I recently learned about analytic torsion and about the amazing Cheeger-Muller theorem identifying analytic and Reidemeister torsion for compact Riemannian manifolds.

Now analytic torsion is defined in terms of the eigenvalues of the Laplacian, acting on the de Rham complex; essentially, one takes the alternating product of the zeta-regularized determinants of the Laplacian, suitably normalized. This is all reasonably natural.

What bothers me about this definition is that it depends so strongly on properties of the de Rham complex, which I see as just a (particularly nice) choice of acyclic resolution for the constant sheaves $\underline{\mathbb{R}}$ or $\underline{\mathbb{C}}$. So my question is:

Is it possible to recover the analytic torsion from the derived category of sheaves over (a compact Riemannian manifold) $M$?

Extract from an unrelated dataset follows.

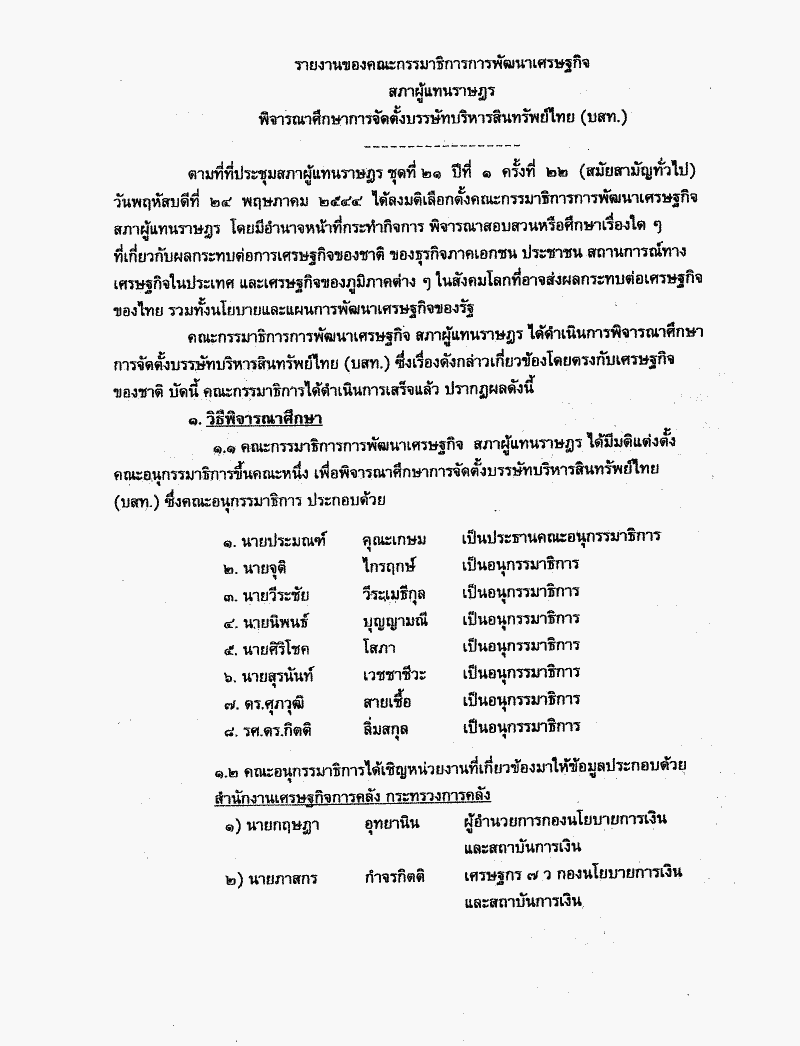 • รายงานผลการพิจารณาศึกษา เรื่อง การจัดตั้งบริษัทบริหารสินทรัพย์ไทย (บสท.) ซึ่งคณะกรรมาธิการการพัฒนาเศรษฐกิจพิจารณาเสร็จแล้ว

I would also be happy with any other "intrinsic" characterization of analytic torsion.

EDIT (3/15/2011): This is profilesdroxford54's suggested recipe as I understand it: (1) Take the determinant of any perfect complex resolving the constant sheaf, with its natural integral structure coming from the inclusion of the constant sheaf $\underline{\mathbb{Z}}$ in $\underline{\mathbb{R}}$; (2) Take the determinant of the de Rham complex with the integral structure given by zeta regularization; (3) The difference in the two integral structures is the analytic torsion (though I do not immediately see why there is a natural map between the two determinant lines, which is essential). Of course this recipe does not free us from the de Rham complex, but it suggests a way to do so, which I'll flesh out in three more focused questions.

(1) Is there a good theory of the derived category of sheaves on a compact Riemannian manifold, with some extra structure (i.e. self-dual, as in the case of the de Rham complex over compact Riemannian manifolds, or equivalently, with an inner product)? This seems to me like a very natural thing to study, so I am not as pessimistic as profilesdroxford54.

(2) In the framework of such a derived category (which must contain lots of infinite-dimensional objects, e.g. the de Rham complex) is there a good theory of the determinant, and does it agree with the zeta-regularized determinant? Someone recently mentioned some determinantal theory in the infinite-dimensional derived setting to me, but I know next to nothing about this sort of thing; references are welcome.

(3) Why is there a canonical map (up to sign?) between this new determinant line and the usual one (which is necessary to compare integral structure)?